En 1977, l'ONU proclame le 8 mars comme étant la Journée Internationale des Femmes, dans le prolongement de l'"Année de la Femme", qui a été décrétée en 1975 en réponses aux nombreux mouvements féministes. Néanmoins, cette date célébrant les femmes n'a pas immédiatement été bien perçue, considérée globalement comme une récupération politique de la lutte féminine. En France, il faudra attendre 1982 pour que les femmes puissent jouir d'une journée qui leur soit consacrée.

Le 8 mars, célèbre-t-on "la" femme ou "les" femmes ?

En 2016, le Comité ONU Femmes France se mobilise pour que l'appellation "Journée Internationale des Femmes" soit mise en place. En effet, on a longtemps entendu parlé de "la Journée Internationale de la Femme", or, il s'agirait d'une erreur de traduction de l'anglais "International Women's Day". Une faute qui a réussi à s'éparpiller comme une traînée de poudre, à tel point que l'on ne connaît plus le véritable nom de cette journée !
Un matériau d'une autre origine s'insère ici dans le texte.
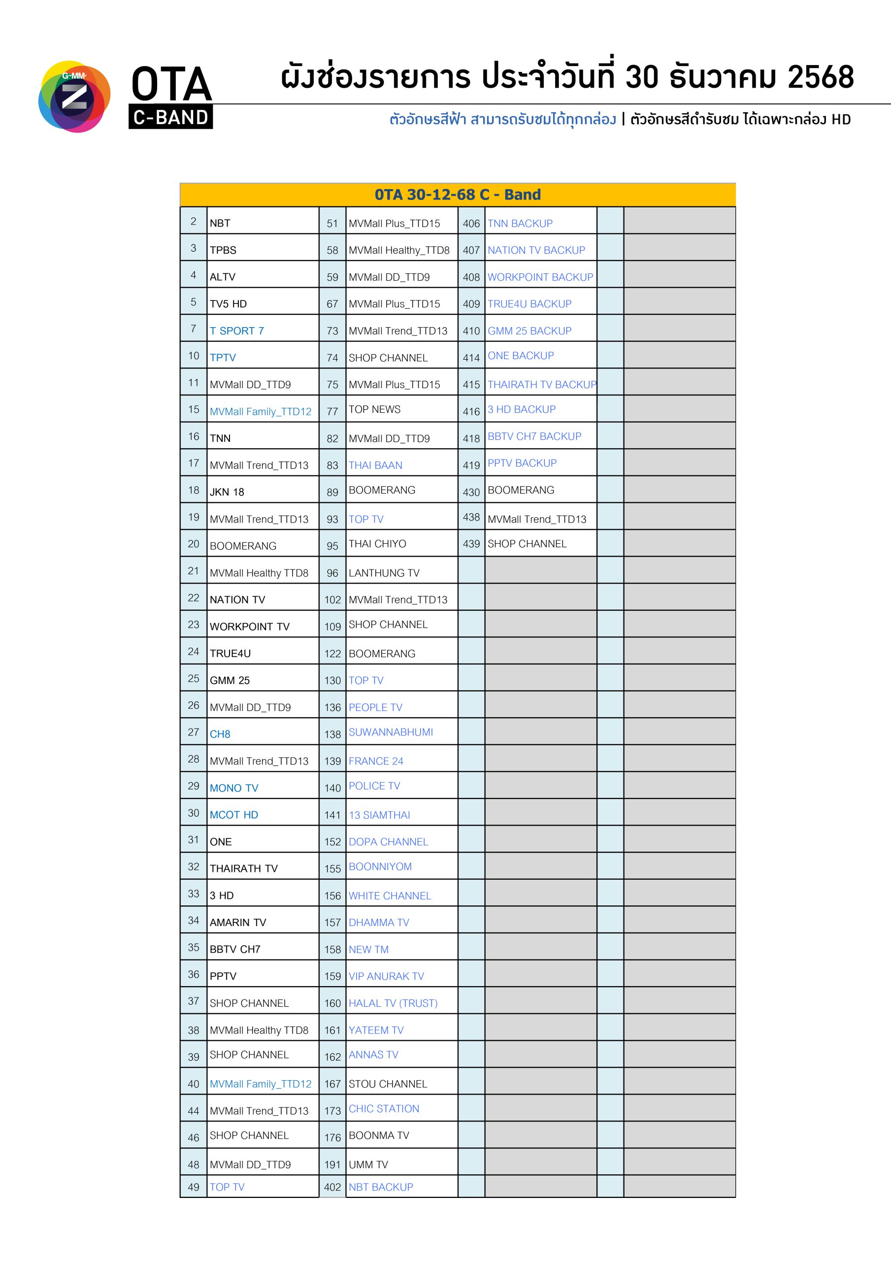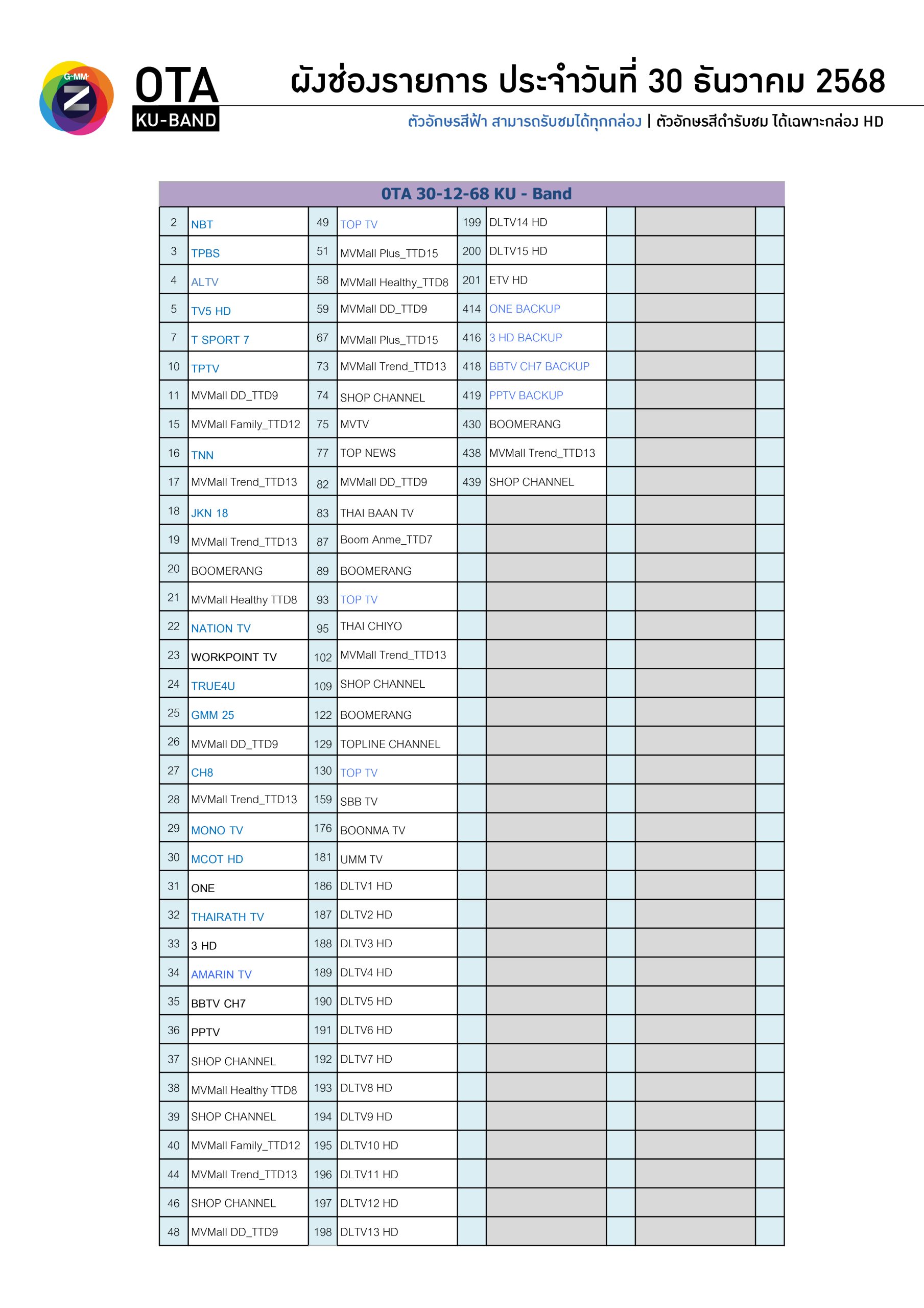 *สีฟ้าสามารถรับชมได้ทุกกล่อง
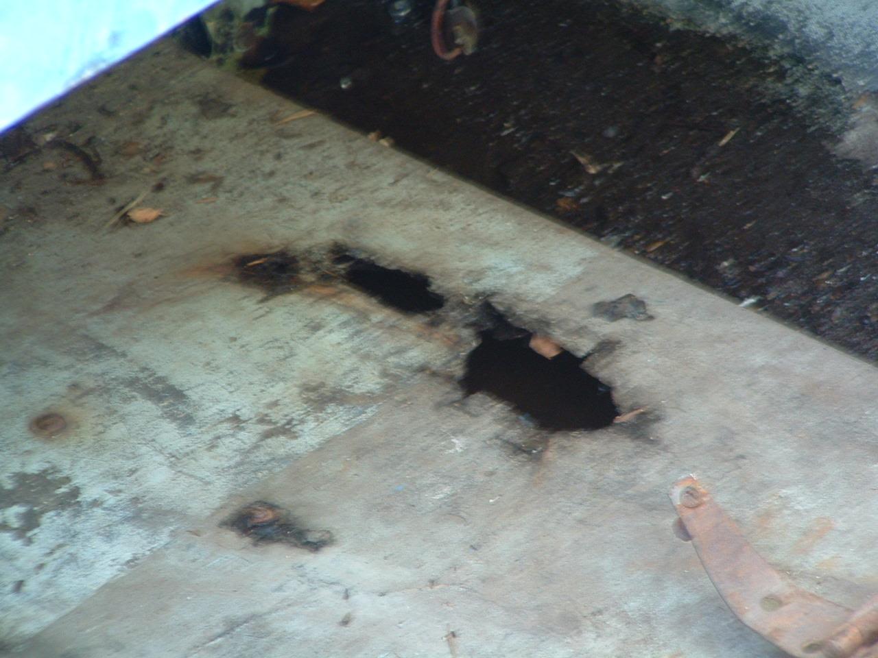 Hole in floor. I can see water in it so I know the stringers need to be replaced. No foam???
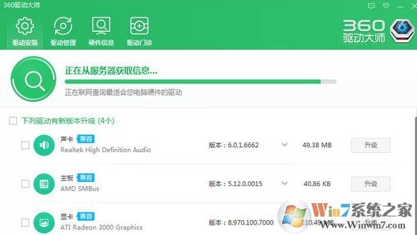 2、使用驱动管理软件,如: 360驱动大师网卡官方版 检测并安装摄像头驱动,如果是免驱摄像头则跳过这一步;
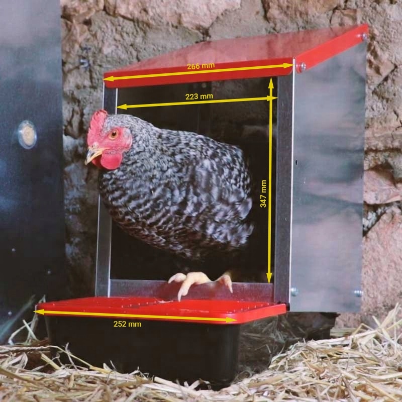 Автоматический розетка для цыплят предназначен для хенн слоев. Имеет три отдельных позиция , где цыплята в тихих условиях могут выдержать яйца. Использование гнезд с внешним ящиком решит проблему уничтожения яиц, которые достигают многих заводчиков.
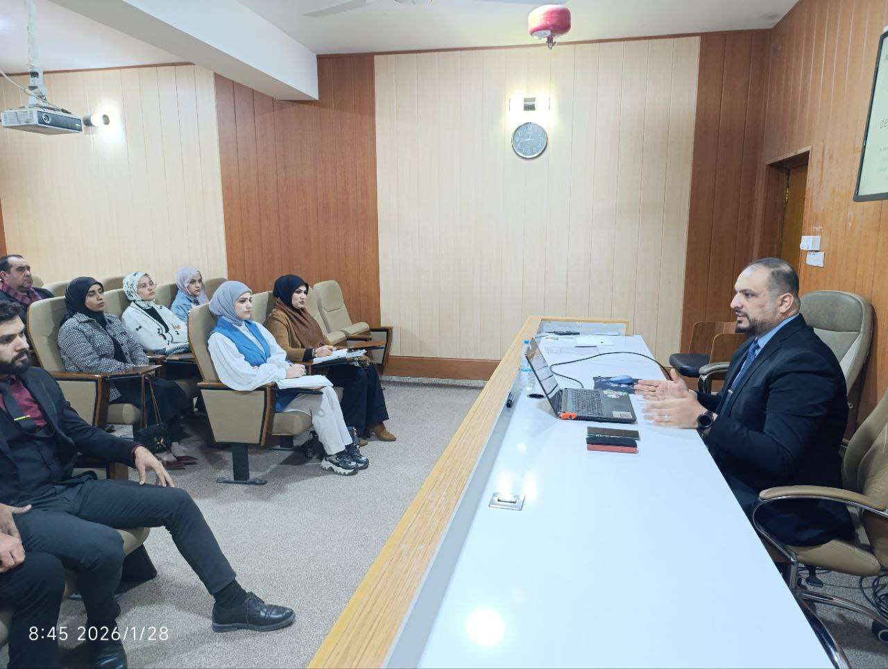 وفي ختام المحاضرة، فُتح باب النقاش أمام الطلبة لطرح الأسئلة وتقديم المداخلات، بما أسهم في إثراء المحاور العلمية وتعميق الفائدة المعرفية.
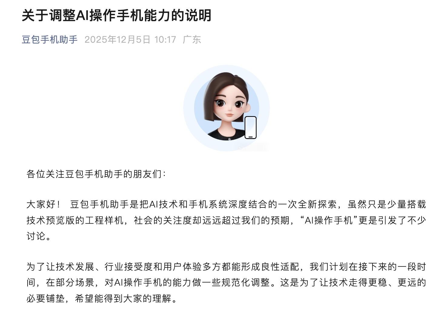 为了平息“AI操作手机”的质疑, 豆包 手机助手于12月5日再发声明,称将进一步限制部分使用场景——包括限制刷分、刷奖励,部分游戏类使用场景,暂时下线操作银行、互联网支付等金融类应用的能力。同时表示,正在积极寻求与各应用厂商的深度沟通,希望推动形成更加清晰、可预期的规则。
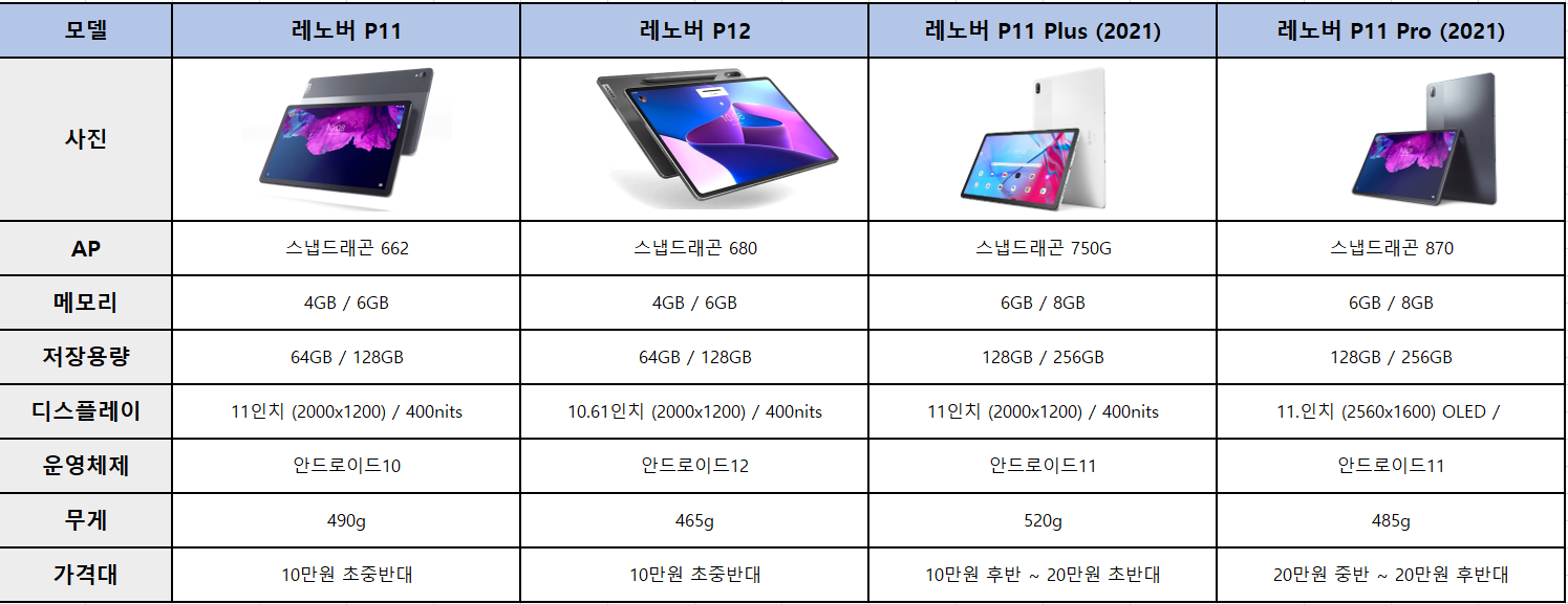 * P12 (P11 2022 버전) : 스냅드래곤 680 / 4GB, 6GB RAM / 64GB, 128GB 저장용량 / 10.61인치

Pour clarifier les choses, Najat Vallaut-Belkacem, alors ministre des Droits des Femmes, expliquait en 2013 : "Le 8 mars n'est pas, comme on l'entend parfois, la journée de "la" femme, qui mettrait à l'honneur un soi-disant idéal féminin (accompagné de ses attributs : cadeaux, roses ou parfums)".  Si la réponse est claire, l'idée de réduire les personnes de sexe féminin par le simple fait de dire "la Journée de la femme" peut porter à débat. Nous disons bien "les droits de l'Homme", pourquoi ne pas pouvoir parler de "la Journée de la Femme" sans passer pour un machiste qui sous-entend que toutes les femmes se ressemblent ? Selon certains, le plus simple est de parler sobrement du "8 Mars".